This principle is illustrated by comparing two cases involving
the sale of a patented article under a limited license. In each,
the Supreme Court focused on whether the sale of the patented
article was within the scope of the license, and therefore
authorized. If the sale was authorized, the doctrine applies, and
the patent rights are exhausted in the licensed product. Otherwise,
the doctrine does not apply, and the patent rights are not
exhausted.
In Adams v. Burke, the Supreme Court considered a sale
by a licensee who was authorized to make, use, and sell patented
coffin lids within a designated geographical area of the United
States.7 Although an undertaker purchased the lids from
the licensee within the designated area of the licensee, he used
them outside the designated area.8 The patentee objected
to the undertaker's use of the patented lids, presumably
because the undertaker was competing with the patentee in an area
reserved for the patentee. The Court recognized that, since the
value of the patented article was in its use, the patentee should
have received full consideration from the sale of the lids whether
they were used within the designated area or elsewhere.9
The Court therefore concluded that the licensee's sale of the
lids to the undertaker was authorized and exhausted the patent
rights in those lids.10 Thus, the patentee could not
enforce the patent against the undertaker with respect to the lids
purchased from the licensee, even though the lids were used outside
the area in which the licensee was authorized to use them.
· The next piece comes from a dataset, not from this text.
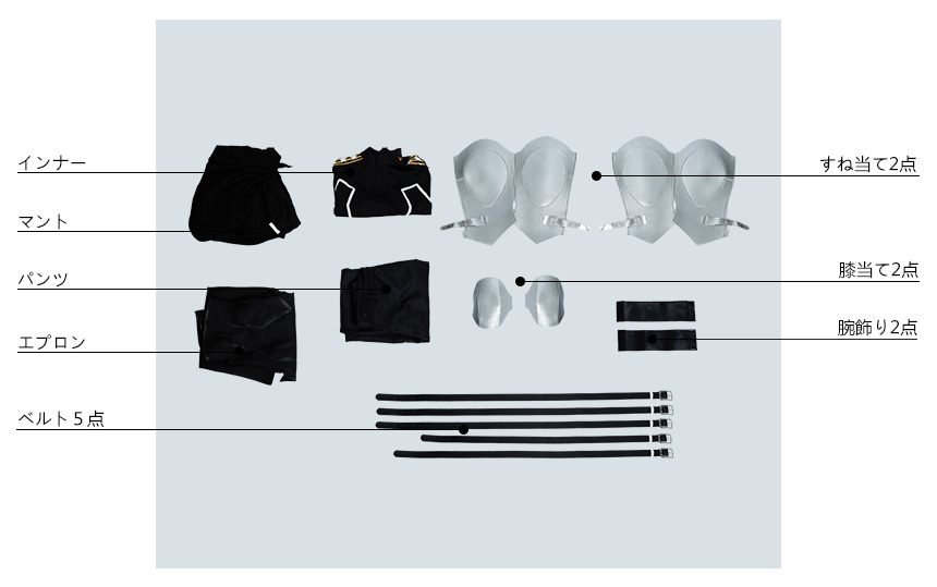 飾り物(エプロン、腕飾り、ベルト5点、すね当て2点、膝当て2点)も付属しています。
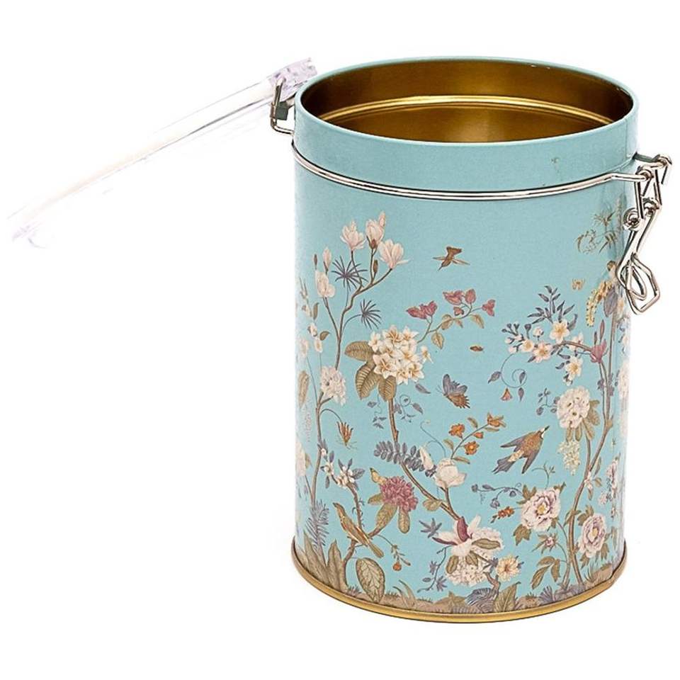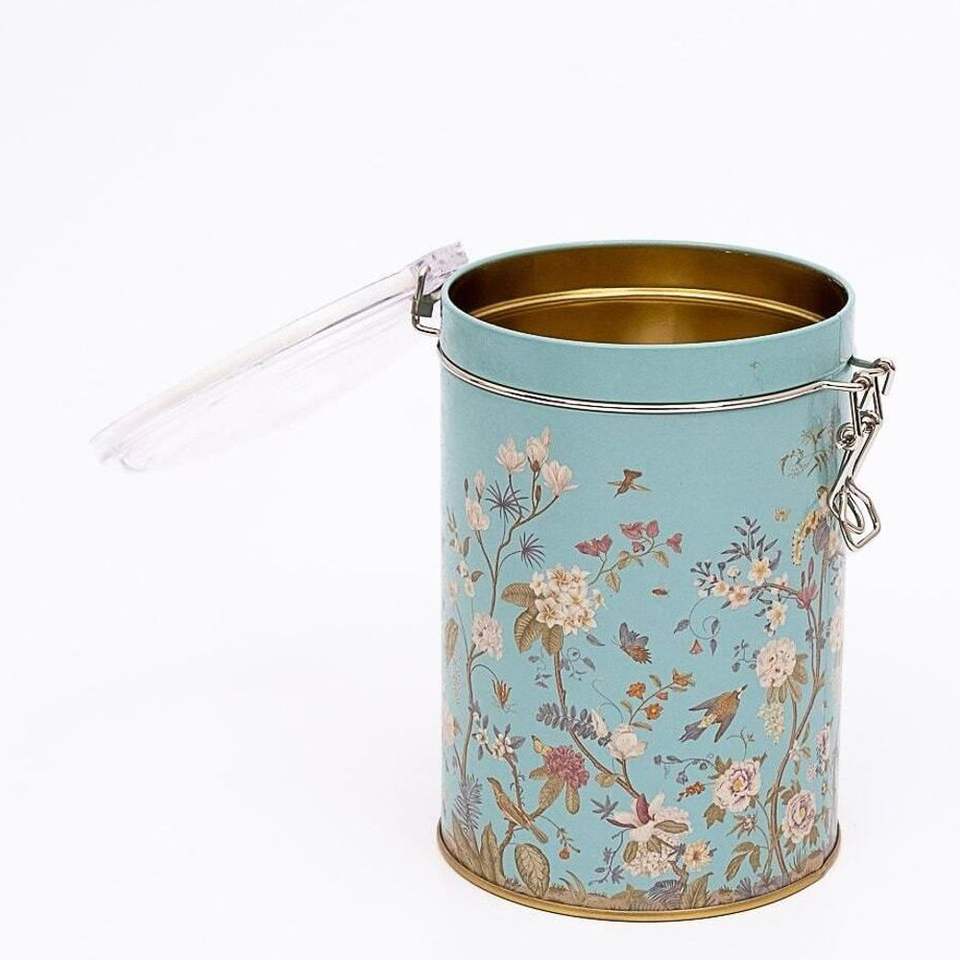 Pastel Blue Floral Design 1.1L Metal Food Storage Container Ø105x150mm round with Wire Clasp and Transparent Lid

In General Talking Pictures v. Western Electric, the
Supreme Court considered a sale by a licensee who was authorized to
make and sell patented amplifiers within a designated, private use
market in the United States.11 The licensee admitted to
selling the amplifiers to a customer knowing that the customer
planned to use the amplifiers for commercial use in the motion
picture industry, rather than in the private use market for which
the license was granted.12 The patentee had licensed the
use of his patent in the commercial market to different licensees,
who sought to preserve the patent's separate value in that
market by attempting to prevent the private use licensee from
encroaching on the commercial use market in which they were
licensed.13 The Court found that movie theaters were
outside the private use market, and that the private use
licensee's sale of the patented amplifiers for use in movie
theatres violated the terms of his license and was therefore an
unauthorized sale.14 As a result, the rights of the
patentee in the amplifier were not exhausted.15 The
purchaser, having bought the amplifier subject to the terms of the
private use license, was therefore only authorized to use the
amplifier in the private use market16 —and
consequently, the patent could be asserted against use of that
amplifier in the commercial market.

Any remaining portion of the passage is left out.